* _WHAT NEEDS TO BE DONE_
The expected response is the full listing, retyped exactly, without its images.

* _COLLECTED MATERIAL_
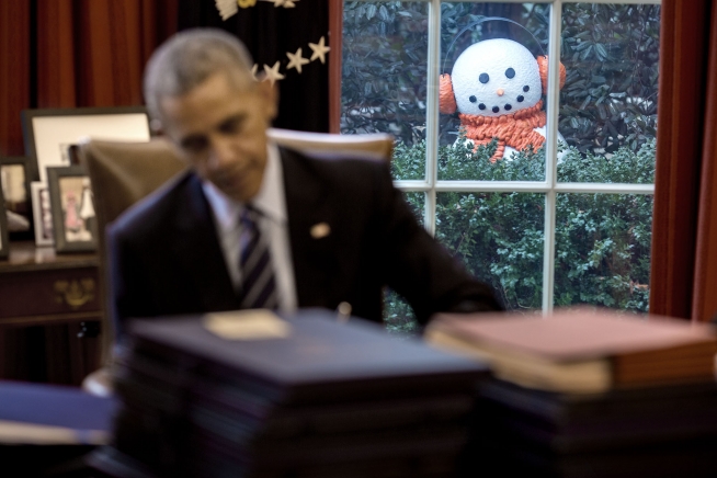 2016年12月16日,白宫工作人员在总统办公室外的玫瑰花园点缀雪人,欢迎奥巴马上班。
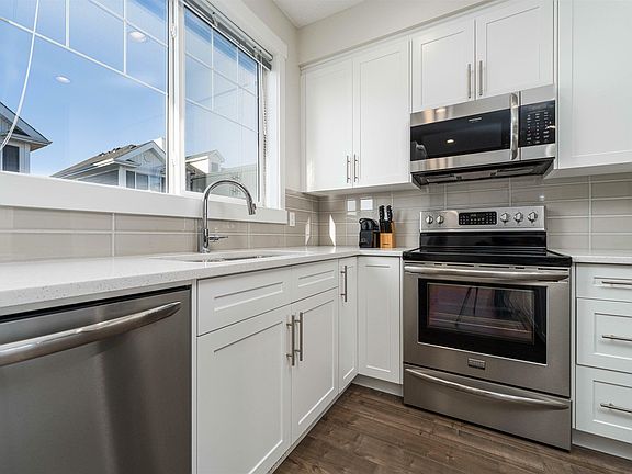 Located in a charming Fort Saskatchewan, this townhome boasts 3 large bedrooms and 2.5 bathrooms. The perfect balance of comfort and style, this property features stone countertops throughout, stainless steel appliances, and high ceilings. The entry level offers a bonus space, perfect for a home gym, office or recreational area. The upgraded white kitchen is open to the main floor living space, making it great for entertaining. Upstairs, the primary bedroom is a relaxing oasis with two closets, large windows, and an ensuite bathroom with a large shower. The convenience of having a washer and dryer on the upper level makes laundry day a breeze. The other two bedrooms are a great size with a full bathroom providing plenty of storage space. With lower condo fees, this easy maintenance property is perfect for young professionals, families, or downsizers. Plus, an attached garage provides shelter for your vehicle year-round.
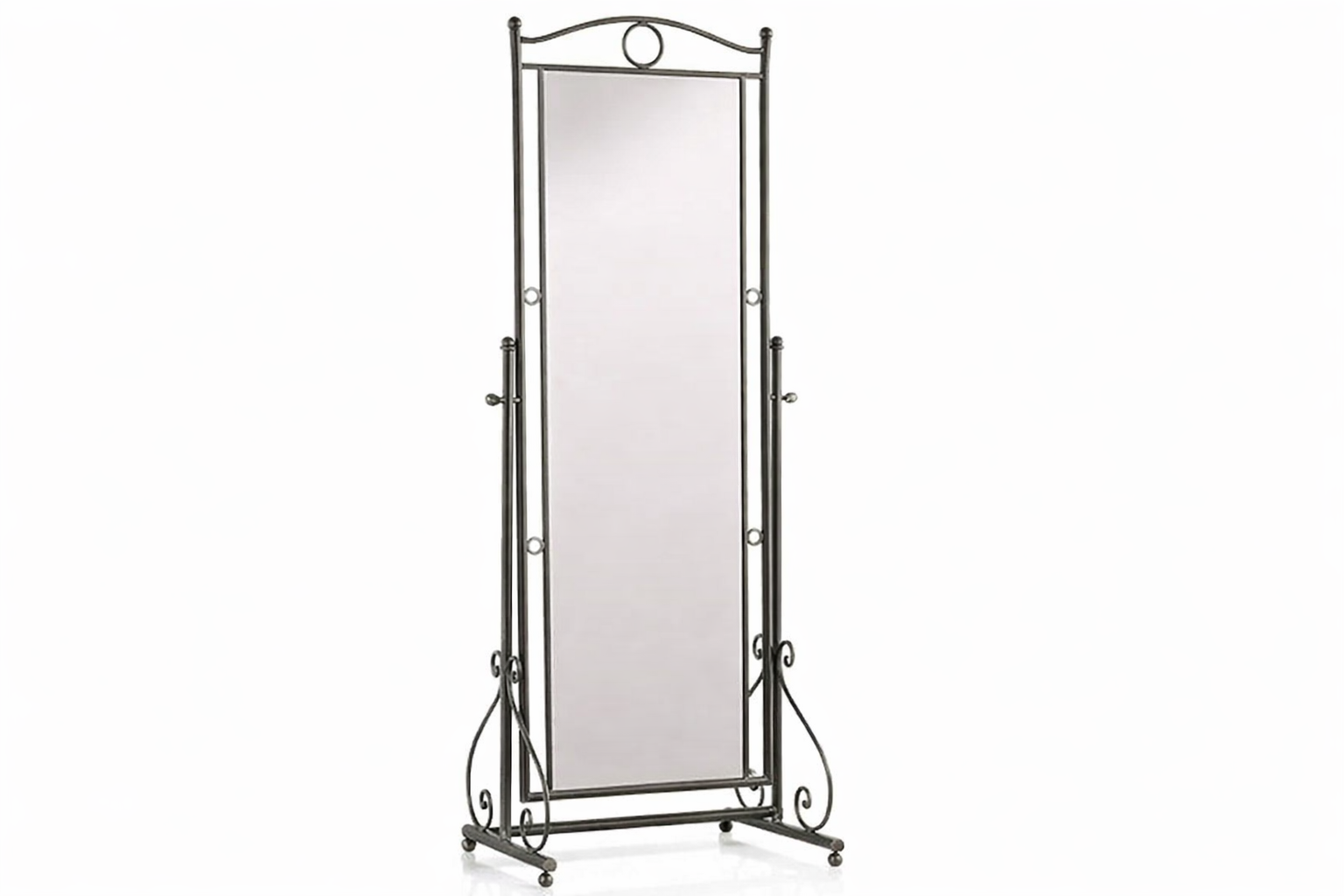 Espejo de forja metálico de pie, fabricado artesanalmente. En esta sección, existe la posibilidad de realizarlas en medidas y acabados, según las necesidades del cliente.

* _ANSWER TO THIS EXERCISE_
 2016年12月16日,白宫工作人员在总统办公室外的玫瑰花园点缀雪人,欢迎奥巴马上班。
 Located in a charming Fort Saskatchewan, this townhome boasts 3 large bedrooms and 2.5 bathrooms. The perfect balance of comfort and style, this property features stone countertops throughout, stainless steel appliances, and high ceilings. The entry level offers a bonus space, perfect for a home gym, office or recreational area. The upgraded white kitchen is open to the main floor living space, making it great for entertaining. Upstairs, the primary bedroom is a relaxing oasis with two closets, large windows, and an ensuite bathroom with a large shower. The convenience of having a washer and dryer on the upper level makes laundry day a breeze. The other two bedrooms are a great size with a full bathroom providing plenty of storage space. With lower condo fees, this easy maintenance property is perfect for young professionals, families, or downsizers. Plus, an attached garage provides shelter for your vehicle year-round.
 Espejo de forja metálico de pie, fabricado artesanalmente. En esta sección, existe la posibilidad de realizarlas en medidas y acabados, según las necesidades del cliente.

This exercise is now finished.